Today I did two workshops for Sullivan County in the North East corner of Tennessee. It was a great day with several hundred teachers in attendance. My workshops included a session on Skype and one on the DE Streaming Builders.
When I walked into the room provided, I was a little confused. There was a screen rolled up on the wall, but there was no projector, no electrical cords, no Internet cable, no….well, there wasn’t much. Since I was confused, I decided to see if every room was like this.
I walked out of the language arts room assigned to me and into the one next door. In that room was a bright, shining SMART board hanging on the wall and a projector mounted in the ceiling. I looked back into my room. Now I was really confused.

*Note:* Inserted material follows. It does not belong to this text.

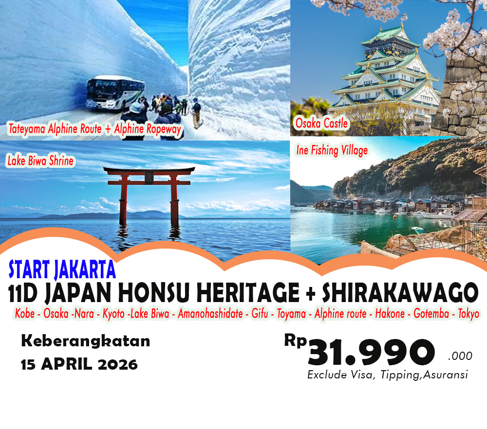 SHIRAKAWAGO VILLAGE + TATEYAMA ALPINE ROUTE + LAKE BIWA + KOBEHarga Tour : Rp 31.990.000

Two language arts rooms side by side, and they couldn’t be any different. I wondered what that said about the instruction going on in each of those rooms. Okay, I wondered a little about what it said about the two teachers, but I quickly decided that both of them were dedicated, well-trained teachers in their craft. But one of them had access to a lot more than the other. I wondered, does that make one room better than the other? Is one instruction more beneficial than the other? Is one style more effective?
If, as a principal or other school leader, our answer to any of those questions is “yes,” then we are not only short changing a teacher, but every student that comes through that classroom. If the answer is “no,” then why spend the thousands of dollars to make one room more technologically advanced than the other?
In our district we just bought interactive white boards for nearly every classroom in every school. Everyone seems to be excited about that, including me. But the question remains: what will this mean to instruction? Will it be better? Or just fancier? More effective? Or just more bells and whistles? Only time will tell.
I wish I could have been in those two classrooms on a day when kids were there. The tale of two classrooms would be an interesting read.